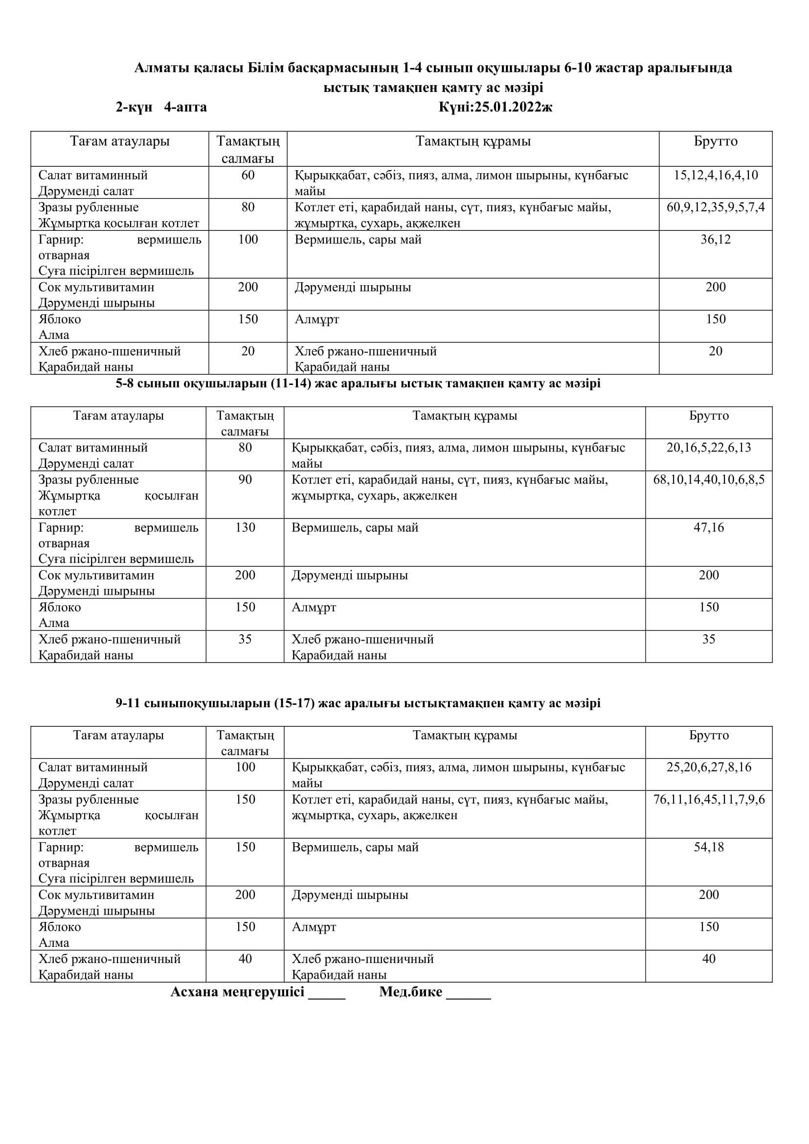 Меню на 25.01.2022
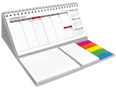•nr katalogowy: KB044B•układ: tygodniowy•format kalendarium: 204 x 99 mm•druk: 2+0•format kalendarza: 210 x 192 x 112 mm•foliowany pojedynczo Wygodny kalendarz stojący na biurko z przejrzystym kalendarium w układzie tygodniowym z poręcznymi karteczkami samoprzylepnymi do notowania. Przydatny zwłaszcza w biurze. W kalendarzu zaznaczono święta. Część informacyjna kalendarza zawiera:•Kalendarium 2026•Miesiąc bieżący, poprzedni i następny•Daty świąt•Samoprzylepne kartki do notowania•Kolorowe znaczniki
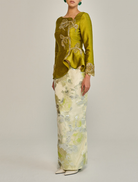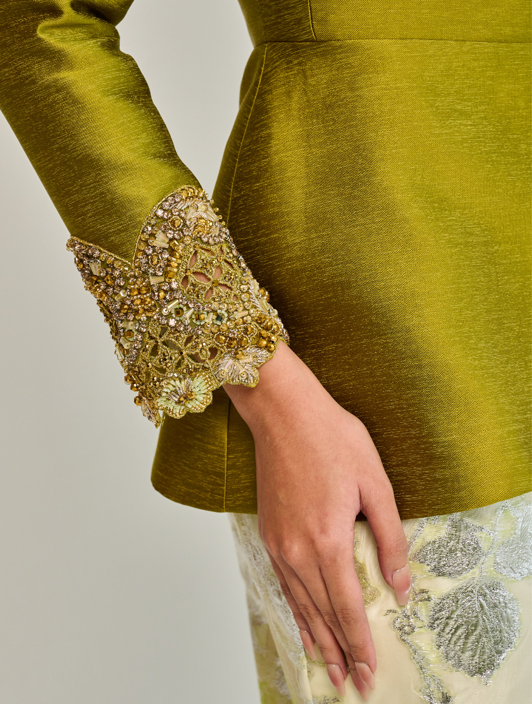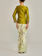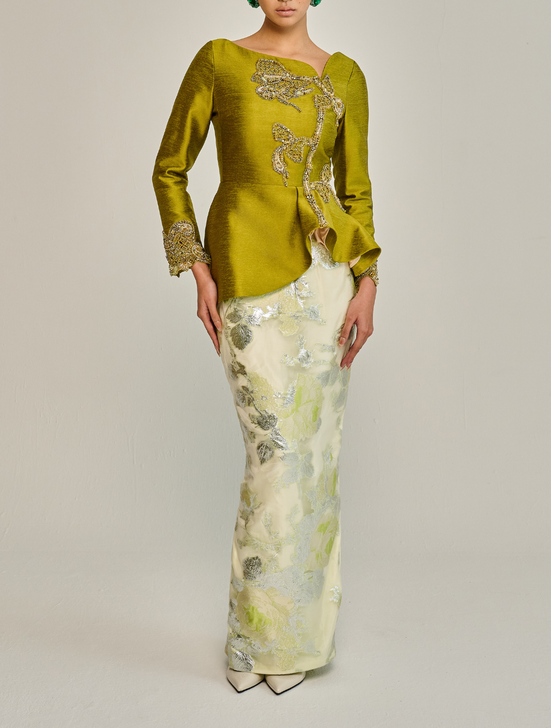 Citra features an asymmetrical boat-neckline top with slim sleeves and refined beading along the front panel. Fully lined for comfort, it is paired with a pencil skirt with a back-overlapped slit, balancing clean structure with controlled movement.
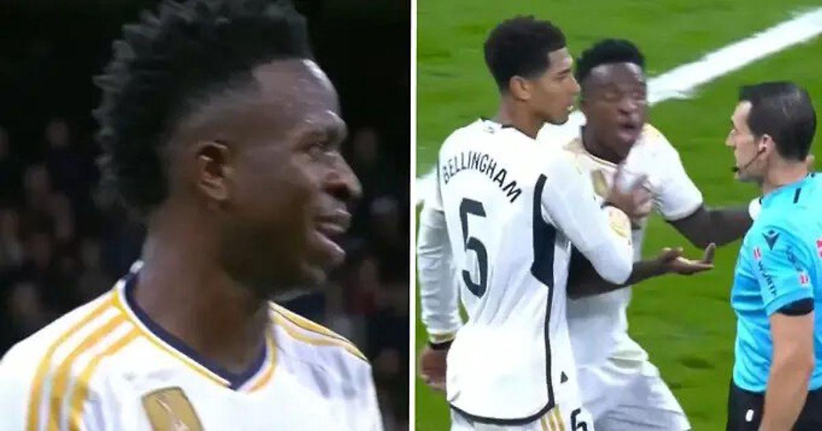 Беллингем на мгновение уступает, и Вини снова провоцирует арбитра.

——

The lines from the one containing "Citra features an" through the final line of the data are to be repeated exactly, with both ends included and all pictures left out.

 Citra features an asymmetrical boat-neckline top with slim sleeves and refined beading along the front panel. Fully lined for comfort, it is paired with a pencil skirt with a back-overlapped slit, balancing clean structure with controlled movement.
 Беллингем на мгновение уступает, и Вини снова провоцирует арбитра.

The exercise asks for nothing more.